What happened:
Broken connections during AXFR requests cause Transferer plugins to get stuck on channel send, leaking goroutines and their memory. This has repeatedly run our machine running CoreDNS out of memory and caused denial of service.

What you expected to happen:
Broken connections during AXFR requests cancel Transferer plugins using a context or other channel.
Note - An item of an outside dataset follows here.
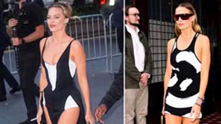 مارغو روبي اختارت فستانًا أنيقًا جدًا من Mugler من مجموعة الكوتور 1998، مع خطوط رقبة عميقة وشقوق عالية تكشف الكثير من الساق.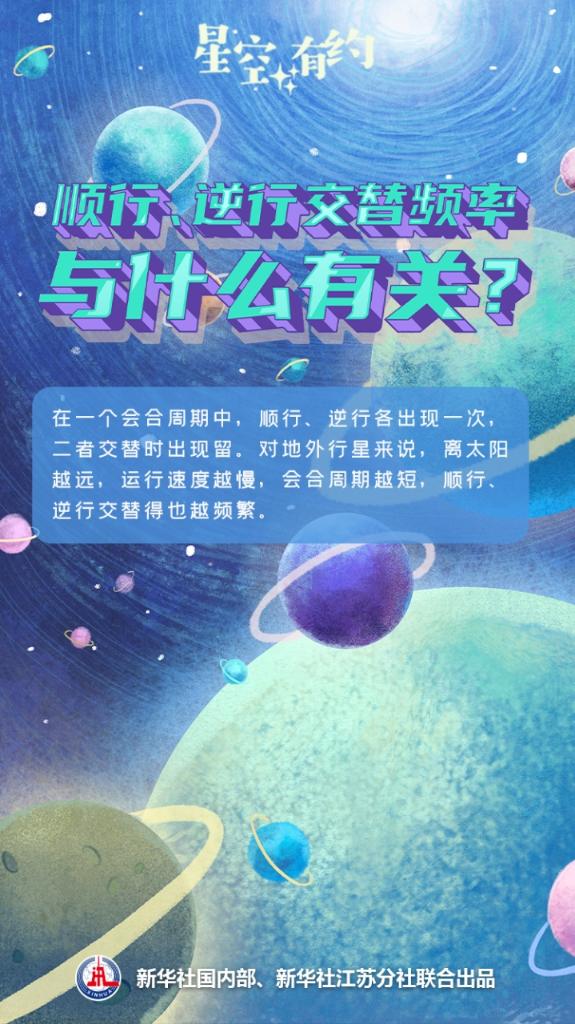 行星順行、逆行的發生頻率,取決于它們和地球的會合周期。“通俗地講,地球和地外行星都在圍繞太陽‘跑圈’。地球比地外行星多‘跑’一圈,再次‘追上’地外行星的時間就是會合周期。‘跑’得越慢的行星,地球越容易‘追’上,會合周期越短。”王科超說。

How to reproduce it (as minimally and precisely as possible):

1. Create a dummy file for the CoreDNS file plugin with enough entries to be able to interrupt an AXFR request before it finishes.
2. Start CoreDNS.
3. dig @localhost -t axfr example.com
4. Before 3. finishes interrupt the dig process.

Anything else we need to know?:
Potential fix is to change the Transferer interface to:

Transfer(ctx context.Context, zone string, serial uint32) (<-chan []dns.RR, error)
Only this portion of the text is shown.